You may have heard a rumour that gather/spread are going away. This is simply not true (they’ll stay around forever) but I am working on better replacements which you can learn about at https://t.co/sU2GzWeBaf. Now is a great time for feedback! #rstats
— Hadley Wickham (@hadleywickham) March 19, 2019
Have any questions? Put them below and we will help you out!
You must be logged in to post a comment.
Hi David, I typed the following code, but the new data frame still the original structure. What could be the problem?
enrollment_by_race_ethnicity_18_19 %
select(-contains(“grade”)) %>%
select(-contains(“kindergarten”)) %>%
select(-contains(“percent”)) %>%
pivot_longer(cols = “district_id”,
names_to = “race_ethnicity”,
values_to = “number_of_students”)
Hi IIbrah. Try changing
pivot_longer(cols = “district_id”,
to
pivot_longer(-district_id ,
The code you entered was pivoting the district ID in addition to the other columns.
I used select(!contains (“percent”)) instead of select(-contains (“percent”)), mainly because the helper page listed the exclamation option rather than the minus sign. Are there any differences between the two?

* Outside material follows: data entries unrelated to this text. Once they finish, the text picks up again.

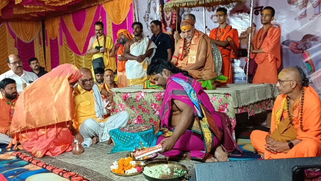 कार्यक्रम के प्रथम दिन शंकराचार्य जी के सानिध्य में पादुका पूजन, वेद मंत्रों के उच्चारण और धार्मिक अनुष्ठानों का आयोजन हुआ। बड़ी संख्या में श्रद्धालुओं ने पंक्तिबद्ध होकर पादुका पूजन किया और आशीर्वाद प्राप्त किया। जिसमें शंकराचार्य जी ने धर्म, संस्कृति और राष्ट्रहित पर अपने विचार व्यक्त करते हुए लोगों को नैतिक जीवन जीने का संदेश दिया। उन्होंने कहा कि जैसे हमारे शरीर में चार वर्ण हैं इस प्रकार हमारे समाज में चार वर्ण बनाए गए हैं इसमें कोई भी उच्च नीच नहीं है आवश्यकता पड़ने पर हर काम हर लोग किया करते हैं।
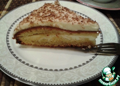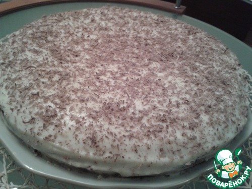 Великолепный тортик! Я выпекала в духовке, в разъемной форме. Поэтому получился невысокий, разрезала на два коржа. Сверху натерла шоколад!
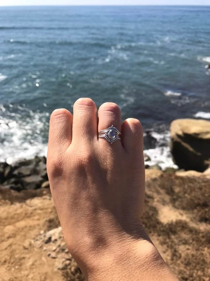 แหวน925สไตล์โบฮีเมียนสีรุ้งประดับพลอยสีเงินแท้ดีไซน์ไม่เหมือนใครของขวัญงานหมั้นสำหรับงานแต่งงานวันเกิด
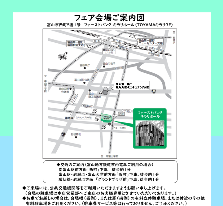 ファーストバンクキラリホール(TOYAMAキラリ9F) 富山県富山市西町5-1 |
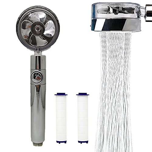 Demiawaking Soffione Doccia Elica Telefono Doccia Alta Pressione Portatile Soffione Doccia Regolabile con Ventola Ugello per Doccia Risparmio Idrico (Soffione + 2pz Filtri, Argento)

I don’t know the answer to that! Does it give the same result?
Looks like it gives the same answer.
Ok, I guess it does do the same thing then. Thanks for teaching me something new!
I only have enrollment_17_18 and enrollment_18_19 files. Where did the math scores files come from that is shown at 5:40 of this lesson? My code matches what’s in the Solutions for the Importing Data lesson and I don’t think there was anything we downloaded in the Tidy Data lesson.
I now see that we don’t need for (Y)our turn. was just trying to follow along
Hi David, is there a way to enter the name of each column we want to remove within one select(-contains(” “)) argument rather than writing each one separately?
Do you mean like doing
select(-c(column1, column2))
?Yes! Thank you, that worked.
Hi David! by using pivot_longer it means that it will always arrange the data by 3 columns?
I’m not sure I quite understand your question. Can you explain a bit more?
What I understand from pivot_longer documentation page is that it will rearrange the data by decreasing the number of columns, so my question is: if pivot longer will always tidy the data into 3 columns? In this case there is just one column for “the values”, one column for “the names or columns that have characters” and “id column” (this last one we kept it by adding the “-“).
It will be 3 columns if you only have 1 column that you are not pivoting (in this case, the id column). However, if you are not pivoting multiple columns then you will have more than 3. Does that make sense?